Fruchtschiefer is a local variety of contact metamorphic rock that is derived from argillite.

== Formation and mineral content ==
Fruchtschiefer is formed under very low pressure (low grade metamorphic rock) and temperatures of ca. 500 °C. At these temperatures cordierite grows to the size of grains of corn, which is where its name comes from; Frucht being German for "corn" (as well as "fruit"). It contains the following minerals: cordierite, muscovite, potassium feldspar, quartz, biotite and hornblende.

== Occurrence ==
Fruchtschiefer occurs in Germany as contact metamorphic rock in the Harz, Ore Mountains, Odenwald and Vogtland. The best known deposits are those near Theuma and Tirpersdorf. Their protoliths originate from the Ordovician period. Rocks quarried here have been used well beyond the local region.

== Use ==
The main traditional application is in the form of rough split masonry products of a wide variety. Fruchtschiefer from Theuma is also split or ground for use as facade slabs and plinth facings. Amongst the architectural components made in this material are window and door surrounds, columns and steps. Occasionally it is used for artistic or sculptural purposes. It was also used as canal lock and well covers as well as containers for galvanised baths and acids.

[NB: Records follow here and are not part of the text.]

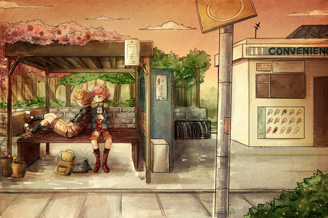 I saw this on your tumblr hoho (because Im stalking you there too) 8D XD I love it that youve put them in a modern enviroment, its super cool to see them like this! And I love the over all feel, it make me nostalgic (in a good way) to see them at this bus stop. Β
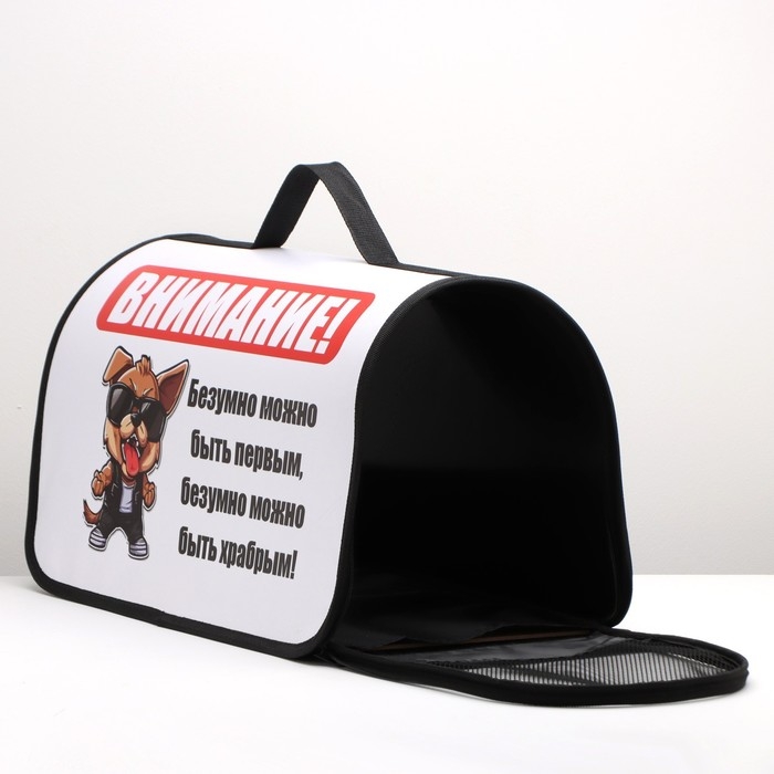 Сумка - переноска для животных каркасная, 50 х 25 х 28 см белая с псом
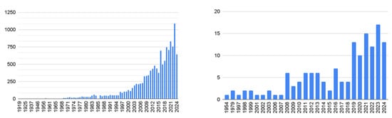 Out of the 12,488 results of “mass timber” articles from the preliminary literature search, 59% of these studies were published in the last ten years, with 38% appearing in just the past five years, highlighting the growing research interest in mass timber along with the rise of the industry (growth as shown on Figure 3 left). It can be seen that since the invention of CLT and Glue Laminated Timber (Glulam, GLT) in the 1990s [25], research into mass timber has surged, with a significant increase in the past decade.
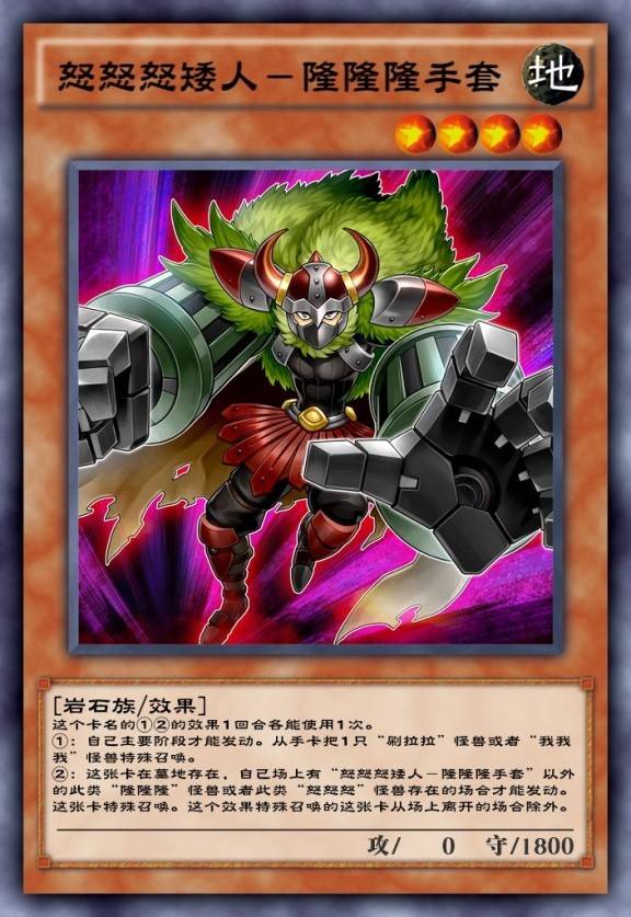 第二张卡怒怒怒矮人是拟声系列的泛用搭配卡,这张卡在场上的时候可以在自己主要阶段从手卡特殊召唤一只刷拉拉或者我我我怪兽,同样可以保证资源方面的调度,这点还是比较稳定的。而且这张卡在墓地存在的话,还可以在场上有隆隆隆或者怒怒怒怪兽存在的时候从墓地特殊召唤,继续展开做出更多的四星泛用同调,灵活性非常强,而这也正是拟声系列很少卡手的主要原因。
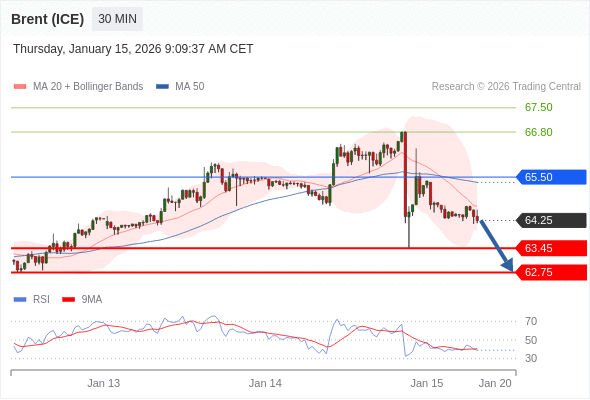 在 65.50 之下,看跌,目标价位为 63.45 ,然后为 62.75 。
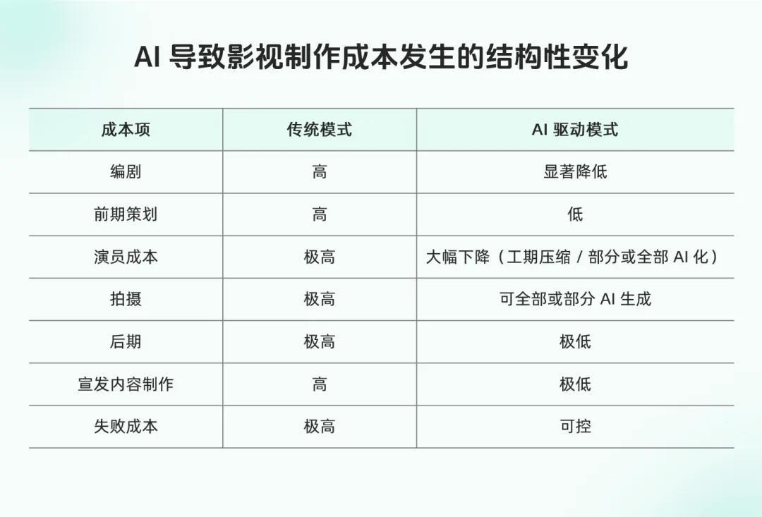 - AI不會讓影視行業更公平,甚至不會讓創作更平權,只會讓技術能力更便宜、更普惠,讓行業權力和影響力更加集中。產業鏈權力和市場價值將進一步向擁有長效系列化IP的平臺和少數內容公司聚攏。
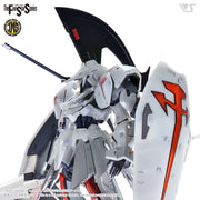The "L.E.D.MIRAGE V3" surprised the entire star cluster. In the ceremony scene in the movie, which was the first public appearance of the V3, it was not equipped with the "Internal Frame unit," the greatest feature of the V3, on its back, so it appeared with a huge counterweight on its head that extended long behind, as well as a ceremonial long spear (lance) in a double bail state with round binder systems on both shoulders that became standard equipment for the V3. The head was also equipped with a long spear (lance) for ceremonial purposes. In this kit, not only the complete reproduction of the white translucent armor, but also these characteristic designs were reconstructed with the latest interpretation from the prototype SAV.
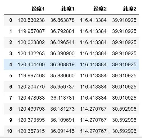 data = pd.read_excel('C:/Users/yyz/Desktop/python办公技巧/data/经纬度计算距离.xlsx')
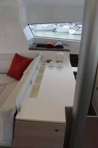La mesa de cartas en L se sitúa a estribor a un nivel ligeramente más elevado y ofrece una consola con capacidad para albergar toda la electrónica de navegación que se requiera, de forma que se convierte en el centro de navegación del barco cuando las condiciones exteriores así lo requieran, disfrutando de absoluta visión sobre el exterior y las velas.
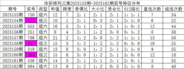 开奖公告:体彩排列三第2023162期开出奖号:094。组六,无重号,奇偶比1:2,大小比1:2,012比2:1:0,和值13,跨度9。
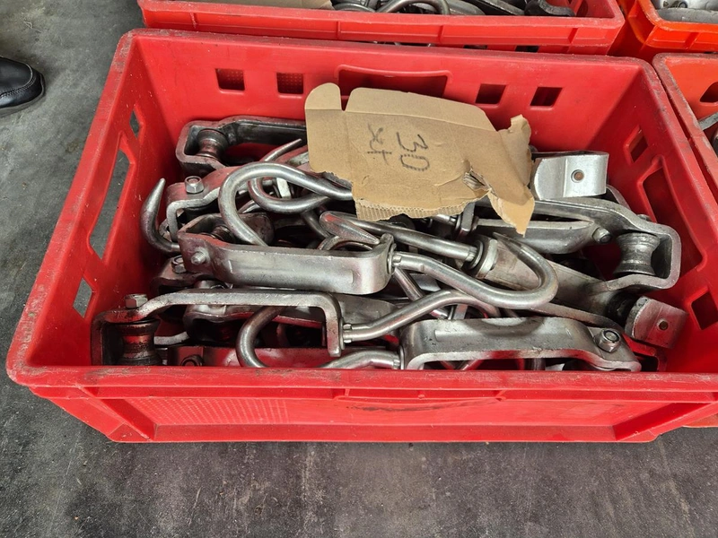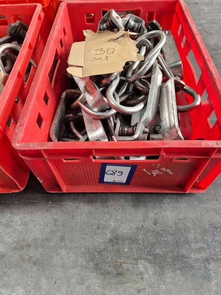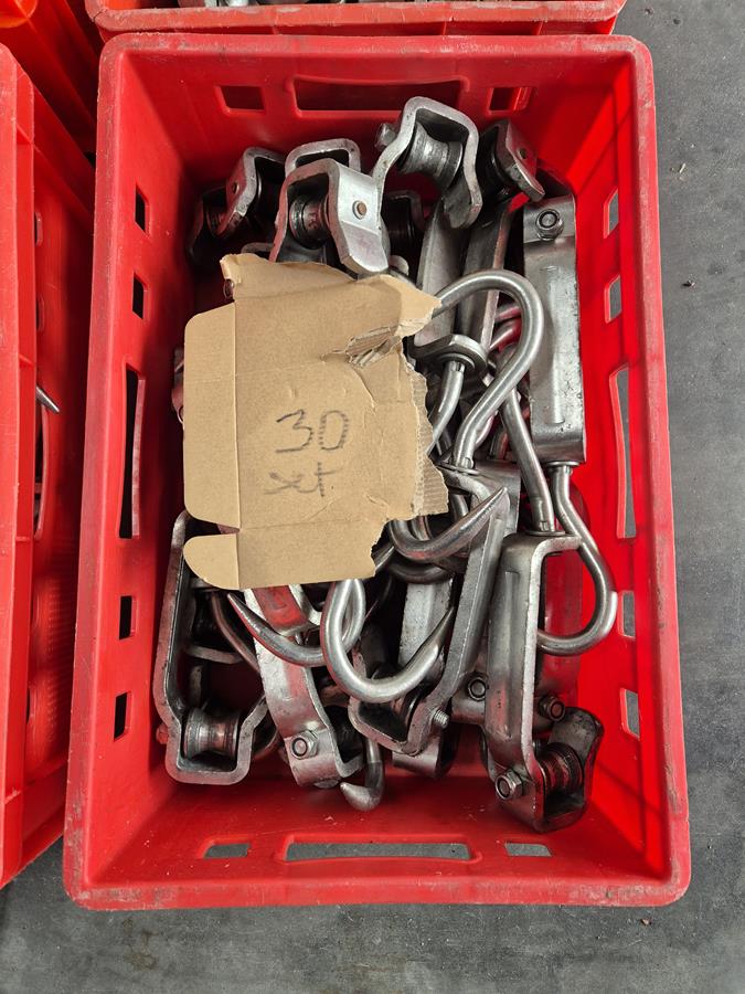 Crate with 30 s/s meat hooks, dimensions hooks: 400 mm x 120 mm, dimensions crate:: 600 mm x 400 mm x 200 mm.
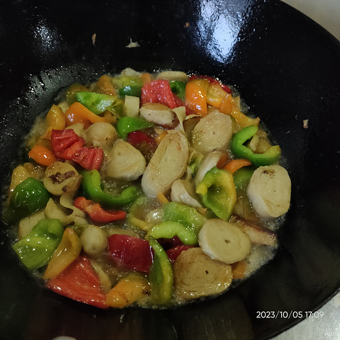 很喜欢吃面筋,买了一包,切片,买了两个漂亮的彩椒,洗洗,切块,面筋炒香了放彩椒,稍微撒点水,煮开就可以了
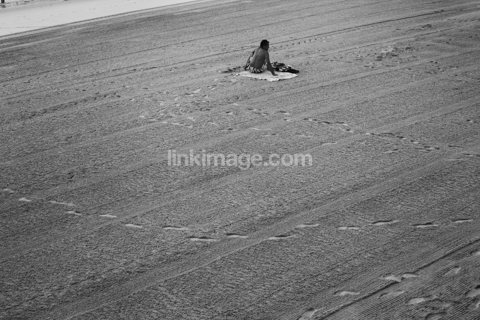 - shore, alone, male, sea, sunbathing, towel, rut, pattern, footprints, feet, rest, enjoyment, enjoying
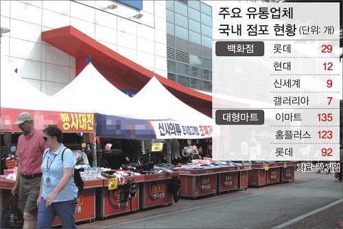 홈플러스 수원 영통점도 점포 밖 일반통로에 대형천막을 설치해 놓고 영업을 했다. ‘신사의류 초특가전’ ‘아동복 균일가전’ ‘나이키·아디다스 행사대전’ 등의 플래카드를 걸어 놓은 임시점포들은 대략 일주일 단위로 영업을 하면서 홈플러스 측에 수수료를 내고 있다. 수수료는 매출의 20%대로 입점업체와 비입점업체 간 큰 차이가 있다고 업체들은 전했다.
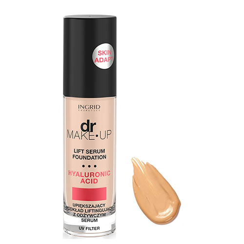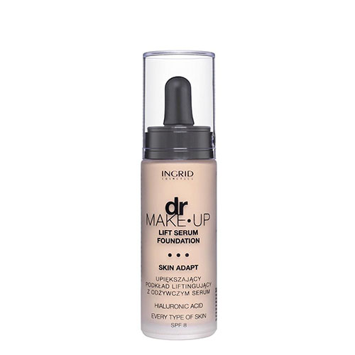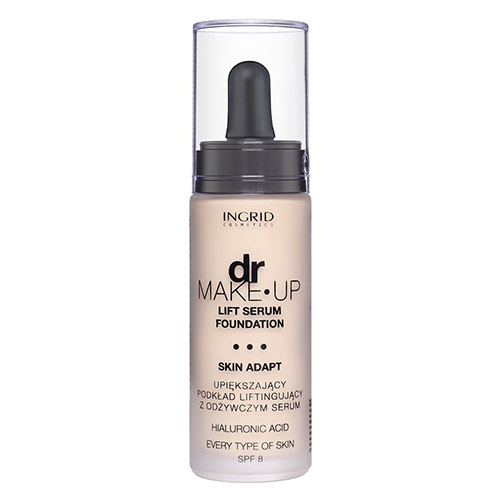 DR MAKE-UP – Lift Serum Foundation – Skin Adapt by INGRID. A combination of nutritious serum and lifting foundation. The innovative formula comprises hyaluronic acid, thus perfectly moistens and prevents from harmful external factors. The product optically reduces wrinkles and guarantees strong opacity and long-lasting matting. Contains SPF 8. Available in 5 colors that adjust to your skin tone.
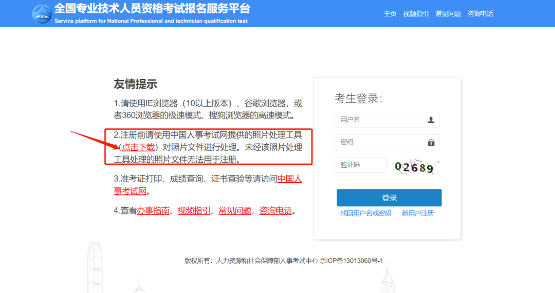 报名正式开始前,首次报考的人员可以先完成考生注册和照片上传,等待报名开始后再根据自己的报考意愿填报信息。
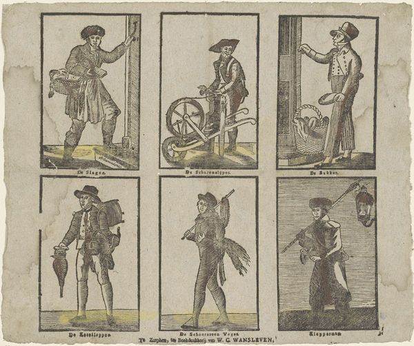 This print, Straatverkopers, by Jan de Lange the second, was made in the Netherlands. The precise date is unknown, but it was likely produced in the first half of the 19th century. It's a lithograph, meaning it was printed from a stone surface, and then hand colored. The figures represent street vendors, each shown with their wares. Look closely, and you can see the textures created by the lithographic process, especially in the areas of shading. The material of the print – humble paper – speaks to its function. This wasn't high art, destined for a museum. It was a commercial product, made in multiples, meant to be sold and consumed by a broad public. Prints like this offer a fascinating glimpse into the economy of the era, documenting the labor of ordinary people. They remind us that even seemingly simple images are the product of complex social and economic forces, connecting the artist, the printer, the vendors, and the consumers in a web of exchange.

The use of Theuma Fruchtschiefer can be traced back to the Middle Ages. Examples include slabs in the crypt of St. John's Church in Plauen (built 1122), which date to the 14th century.

== Bibliography ==
- Georg Dehio: Handbuch der Deutschen Kunstdenkmäler, Sachsen. Munich, Berlin (Deutscher Kunstverlag) 1990 ISBN 3-422-03016-6
- Carl Gäbert, Alexander Steuer, Karl Weiss: Die nutzbaren Gesteinsvorkommen Deutschlands. Berlin (Union Dt. Verl.ges) 1915
- Horst Fröhlich (Red.): Plauen und das mittlere Vogtland. Werte unserer Heimat Vol. 44. Berlin (Akademie-Verlag) 1986
- Walter Maresch, Olaf Medenbach: Gesteine. p. 252, Mosaik Verlag, Munich, 1987, ISBN 3-576-10699-5.